* [Task item]: Write out, word for word and with no pictures, each line below from the one containing "The pattern uses" through the one containing "Gümüş Zirkon Taşlı Bayan Yüzük", both included, and no other line.

[Saved data entries]

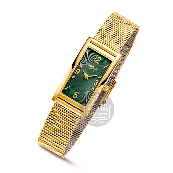Het Boccia 3366-03 Titanium horloge is een prachtig elegant dameshorloge. Het horloge heeft een glanzende goudkleurige titanium kast, een goudkleurige stalen milanese band en een sierlijke groene wijzerplaat met goudkleurige accenten. Het Boccia horloge heeft mineraalglas en is 3 atm waterdicht.
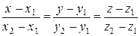 где Уравнения (3) называют каноническими уравнениями прямой в пространстве.
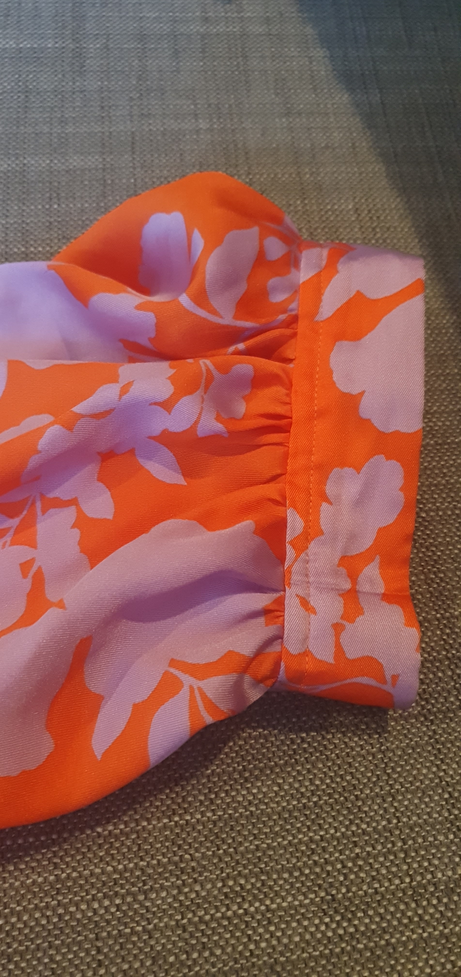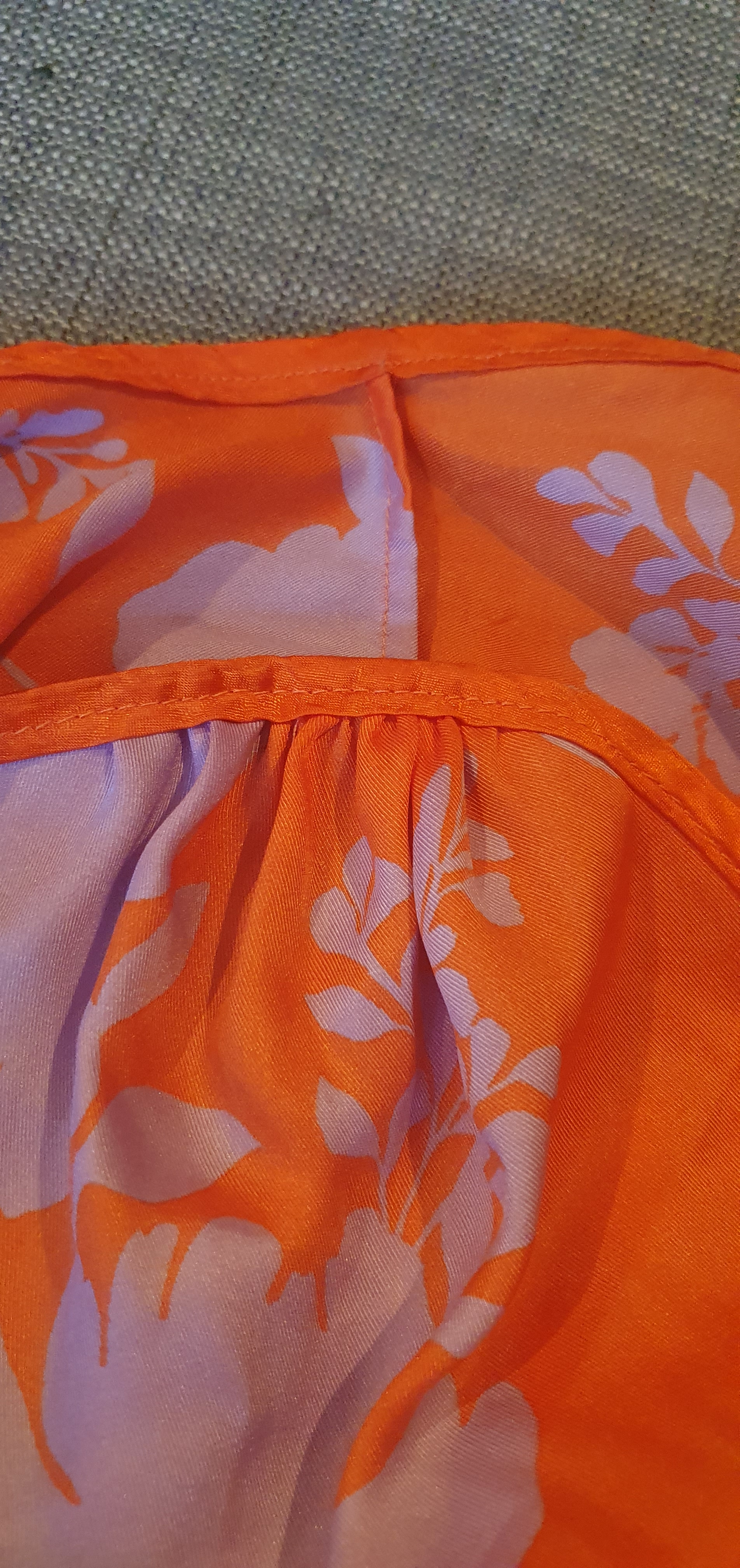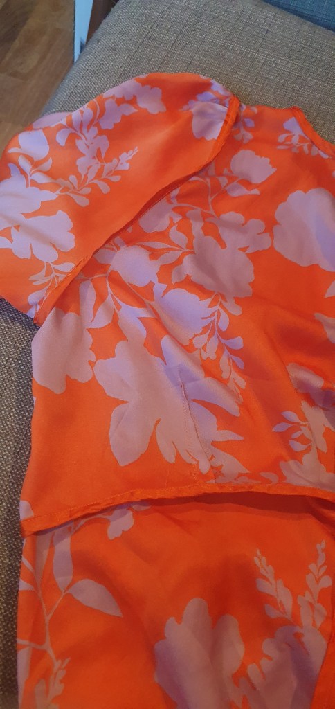 The pattern uses bias binding on the neckline and this extends into two of the ties, which is a nice touch. I originally intended to use self-fabric but was tight for time and the size of the strips in the pattern were too narrow for my bias making machine and I couldn’t be bothered to manually make the bias, so I next day-ordered some tangerine bias binding that turned out to be a great match. This did mean I’d already attached the ties in the bodice side seam in self fabric, whilst the neckline ties were in tangerine satin, but I don’t think it’s too awkward. Everything was extremely straightforward; the only change I would make to the pattern instructions would be to sew the cuff closed closer to the seam line so it’s less obvious.
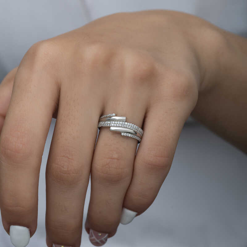 Gümüş Zirkon Taşlı Bayan Yüzük
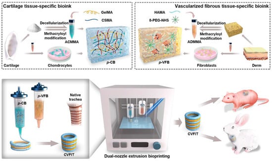 A schematic illustration of instant trachea reconstruction using cartilage- and vascularized fibrous tissue-specific bioinks and 3D-bioprinted cartilage-vascularized fibrous tissue-integrated trachea in mice and in situ trachea reconstruction in rabbits. Abbreviations—ACMMA: methacryloyl-modified acellular cartilage matrix; ADMMA: methacryloyl-modified acellular derm matrix; HAMA: methacrylate-modified hyaluronic acid; 8-PEG-NHS: 8-arm-polyethylene glycol-succinic acid ester; GelMA: gelatin methacryloyl; CSMA: methacrylate-modified chondroitin sulfate; p-CB: photocrosslinkable cartilage-specific bioink; p-VFB: photocrosslinkable vascularized fibrous tissue-specific bioink. Reprinted from Huo et al. [], under the terms of the Creative Commons Attribution—Noncommercial 4.0 License. https://creativecommons.org/licenses/by/4.0/ (accessed on 11 July 2024).

* [Output for this task]:
 The pattern uses bias binding on the neckline and this extends into two of the ties, which is a nice touch. I originally intended to use self-fabric but was tight for time and the size of the strips in the pattern were too narrow for my bias making machine and I couldn’t be bothered to manually make the bias, so I next day-ordered some tangerine bias binding that turned out to be a great match. This did mean I’d already attached the ties in the bodice side seam in self fabric, whilst the neckline ties were in tangerine satin, but I don’t think it’s too awkward. Everything was extremely straightforward; the only change I would make to the pattern instructions would be to sew the cuff closed closer to the seam line so it’s less obvious.
 Gümüş Zirkon Taşlı Bayan Yüzük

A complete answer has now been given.